No importaba si estas personas se esforzaban en hacernos… sanos y normales. Al final, no pertenecíamos a ningún bando.
—Ada… —el padre Joaquín habla por segunda vez y yo me obligó a apartar la mirada de la madre superiora para posarla en el hombre. Quien, luciendo uno de sus impolutos trajes negros, me mira con algo de comprensión en sus ojos —¿fue idea tuya salir? ¿fuiste tú quién…?
—Fue una casualidad —se apresuró a decir Leandro mirando al hombre con el ceño fruncido —. Fue idea de ambos —añadió con la voz dura.
Muchas veces, podía ver a mi amigo perder el control ante algunas situaciones. Pero, si había algo que confundía al tiempo que sorprendía, era su capacidad de mantenerse de pie en las situaciones difíciles. Como cuando encontramos a la chica y yo estuve a punto de perder la cabeza —aún más— gracias a las voces que habían comenzado a gritar dentro de ella. Leandro logró cargar con el cuerpo de la desconocida y lidiar con mi propio pánico y traernos a ambas a un lugar en donde creíamos estaríamos a salvo.
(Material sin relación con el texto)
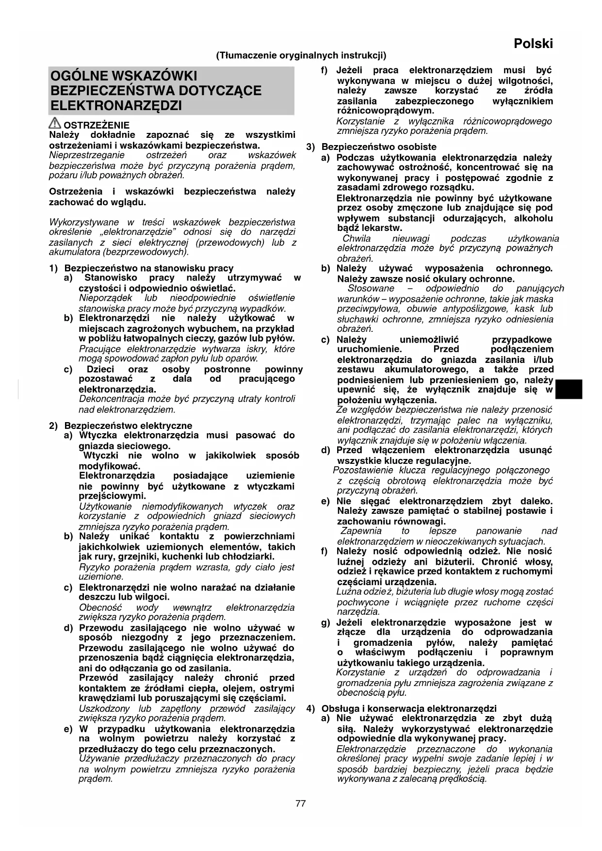 ELEKTRONARZĘDZI OSTRZEŻENIE Należy dokładnie zapoznać się ze wszystkimi ostrzeżeniami i wskazówkami bezpieczeństwa. Nieprzestrzeganie ostrzeżeń oraz wskazówek bezpieczeństwa może być przyczyną porażenia prądem, pożaru i/lub poważnych obrażeń. Ostrzeżenia i wskazówki bezpieczeństwa należy zachować do wglądu. Wykorzystywane w treści wskazówek bezpieczeństwa określenie „elektronarzędzie” odnosi się do narzędzi zasilanych z sieci elektrycznej (przewodowych) lub z akumulatora (bezprzewodowych).

Porque era el único lugar en donde estaría a salvo.
El padre Gregorio sonrío algo divertido hacia mi amigo y se puso de pie.
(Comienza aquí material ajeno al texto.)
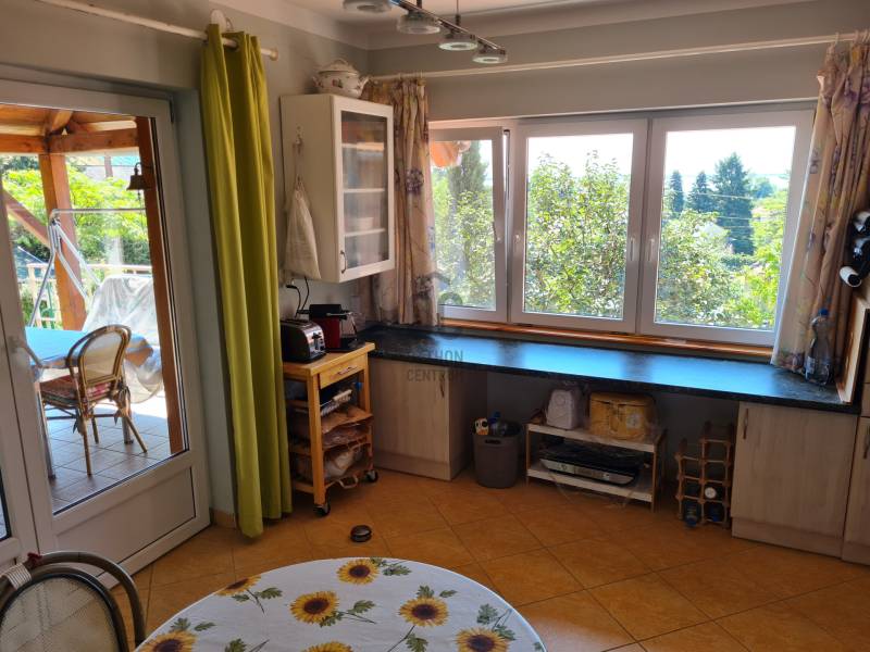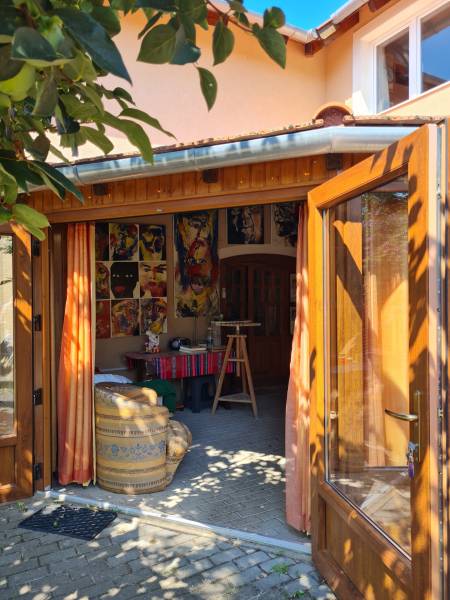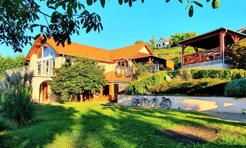 Badacsonyban vált eladóvá ez a különleges atmoszférával rendelkező épület, mely egyedi kialakításával egyből kitűnik az őt körülölelő ingatlanok közül. A területről és a ház egészéből meseszép a panoráma a Balaton vizére, de ha ez nem lenne elég, a Badacsony is ott magasodik az épület mögött.A belterületi, 1519 négyzetméteres telken a jelenlegi tulajdonos tervei és álmai alapján készült el 2005-ben a hétvégi házként bejegyzett ingatlan – mely családi otthonnak is kitűnő választás lehet -. Az épület alapjául egy már meglévő bazaltkő pince szolgált, ez került átépítésre és bővítésre korszerű anyagok felhasználásával.A ház két szinten összesen 166 négyzetméternyi hasznos alapterülettel rendelkezik.A földszinten kialakított helyiségeket az előtérből közelíthetjük meg. Itt található egy 27 négyzetméteres, parasztfödémes, meghitt hálószoba, mely közvetlen kertkapcsolattal rendelkezik és akár két különálló hálóvá osztható. Mellette kapott helyet a lépcsőház, egy fürdőszoba, tároló, pince és egy műterem.Az emeleten lévő helyiségek közül a teljes üvegfelülettel ellátott nappali/műterem és a hozzá tartozó terasz olyan egyedi és megismételhetetlen hangulatot áraszt, hogy itt egyből az az érzése az embernek, hazaért...Ezt a nappali részt egészíti ki még egy közlekedő, hálószoba, fürdőszoba, konyha és étkező, valamint egy loggia is.Az épület mindkét szintjén beépítésre került egy-egy fatüzelésű kályha, így hűvösebb időszakban ezek szolgáltatják a meleget.A kert teljesen körbekerített, több autó egyidejű parkolása is megoldható telken belül.Az udvar teraszos kialakítású, akár egy medence, gyermek játszó vagy nyári konyha kiépítésére is bőven van még hely.Az épület melletti részen egy fedett, hangulatos kerti kiülő is helyet kapott, a kert alsó részén pedig egy téglából épült tárolót is építettek.A ház egész évben aszfaltos úton könnyen megközelíthető, a Balaton partjától gyalogosan 15 percre, a központtól 2 perces autóútra van.Ajánlom az ingatlant mindazok figyelmébe, akik a “béke szigetét” keresik távol a világ zajától. Az épület állandó lakhatásra és nyaralónak is egyaránt tökéletes választás lehet!Amennyiben kérdése merülne fel az épülettel kapcsolatban, vagy szeretné azt megtekinteni, kérem keressen megadott elérhetőségeim egyikén!

—Leandro, te conozco desde que tenías ocho años. No es propio de ti este tipo de… travesuras —dijo tranquilamente —. Así que dígannos la verdad y nadie será castigado.
Leandro y yo nos miramos levemente sorprendidos. La madre superiora también lo estaba cuando miró a su compañero de trabajo con los labios fruncidos. Esta, sin duda, era una decisión que se habia tomado sin su conocimiento. El cura que llevaba a su cargo a la iglesia de Gellicut me miró, expectante.
—¿Qué te han dicho, Ada? ¿qué, exactamente, te han pedido que hagas? —y yo sabía a qué se refería.
Yo sabía que quería.
Desde que era una niña, la curiosidad que las voces despertaban en el padre Gregorio era evidente. Habia tratado, por años, hacer que me abriera a él y le contara todo lo que ellas metían dentro de mi cabeza. Decía que era parte del tratamiento, que de aquella forma separaría lo que en realidad pienso yo a lo que piensan ellas. Sin embargo, jamás lo había hecho. No podía hacerlo. Cada vez que quería hablar de ellas con alguien, no solo se interponía mi propio instinto de supervivencia que me gritaba a viva voz que debía mantenerlas secretas, sino que ellas mismas parecían aumentar su poder y hacer que mis labios se sellaran a cal y canto.
—Yo… —dudé, trabándome. Abrí la boca de nuevo para continuar, pero una sombra me llamó la atención. Miré esa esquina atentamente, presintiendo que en cualquier momento algo o alguien saldría desde aquel recoveco sin luz. Mi estómago se apretó y las náuseas aumentaron. Debí quedarme viendo demasiado tiempo, porque los demás lo notaron y se giraron en la misma dirección. Cuando volvieron a prestarme atención, me adelanté a hablar primero —solo quería salir a ver el cometa. La hermana Catalina me había dicho que hoy pasaría uno y solo quise verlo —mentí, casi perfectamente.